• **Data excerpt**:
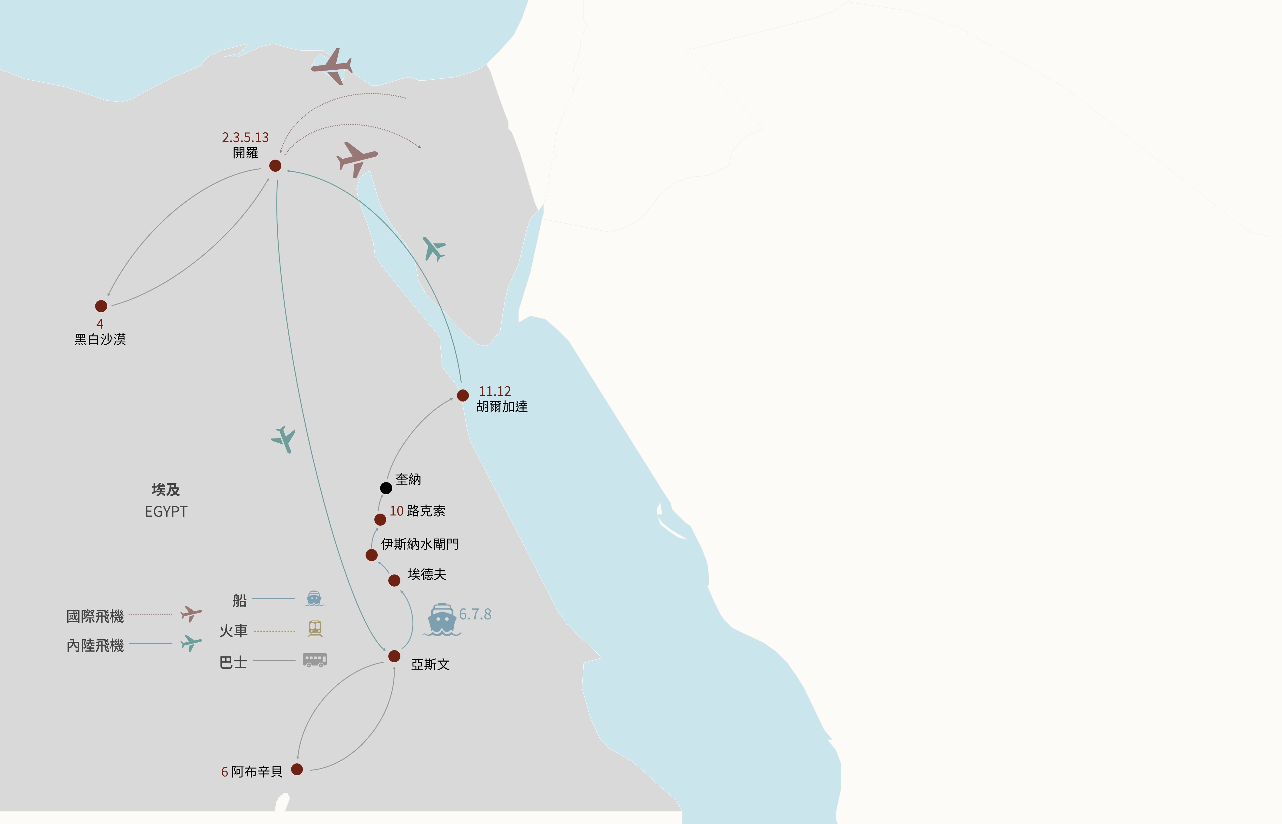 內陸段參考航班:SM90 開羅/亞斯文 08:00/10:10,請依說明會上時間為準~ 埃及國內段航班,托運行李1件23KG(長+寬+高=158cm) ,手提行李1件上限7KG。敬請留意。
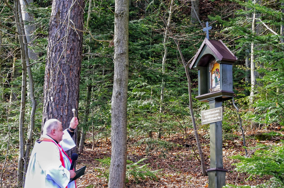W niedzielne popołudnie 12 kwietnia, w godzinie Miłosierdzia Bożego, mieszkańcy parafii św. Franciszka z Asyżu w Cieniawie zgromadzili się licznie, by wspólnie przeżyć poświęcenie nowych wizerunków stacji Drogi Krzyżowej prowadzącej na Wierchowinę.
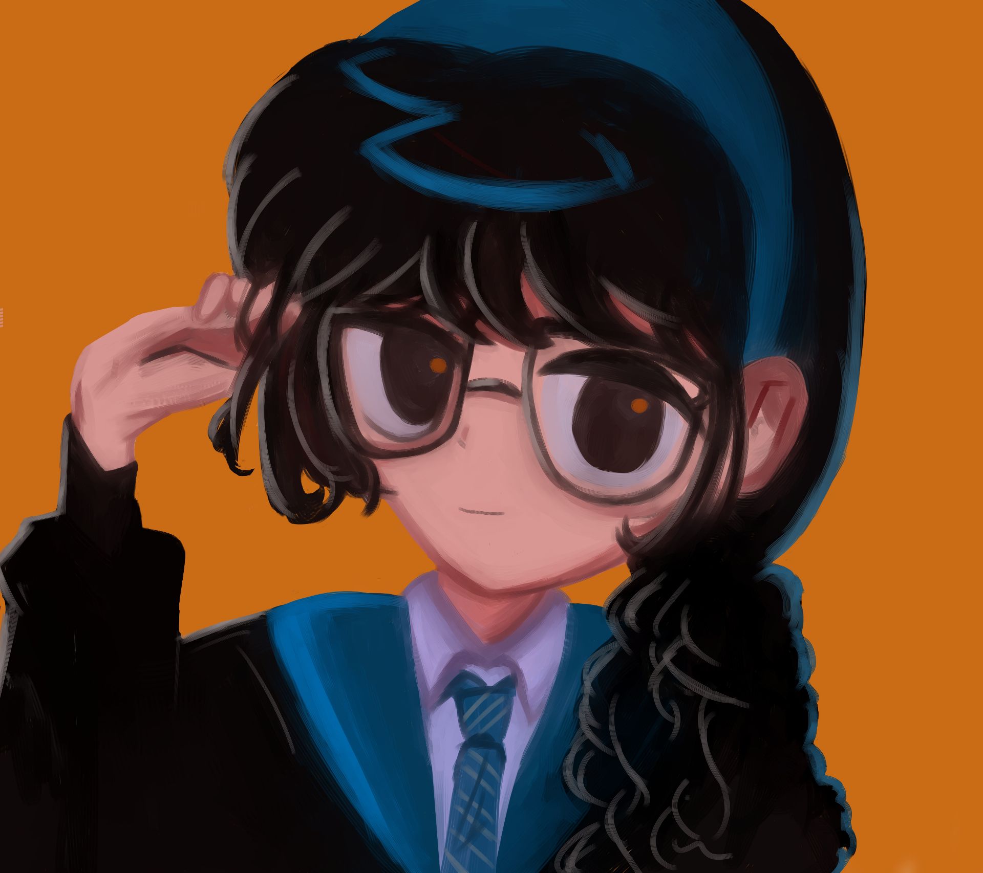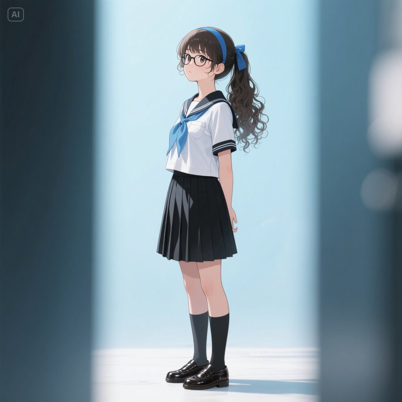 配件:藍色髮箍、眼鏡。

• **What the task requires**: When you copy the data, keep every line exact and drop the pictures.

• **Reply to the exercise**:
 內陸段參考航班:SM90 開羅/亞斯文 08:00/10:10,請依說明會上時間為準~ 埃及國內段航班,托運行李1件23KG(長+寬+高=158cm) ,手提行李1件上限7KG。敬請留意。
W niedzielne popołudnie 12 kwietnia, w godzinie Miłosierdzia Bożego, mieszkańcy parafii św. Franciszka z Asyżu w Cieniawie zgromadzili się licznie, by wspólnie przeżyć poświęcenie nowych wizerunków stacji Drogi Krzyżowej prowadzącej na Wierchowinę.
 配件:藍色髮箍、眼鏡。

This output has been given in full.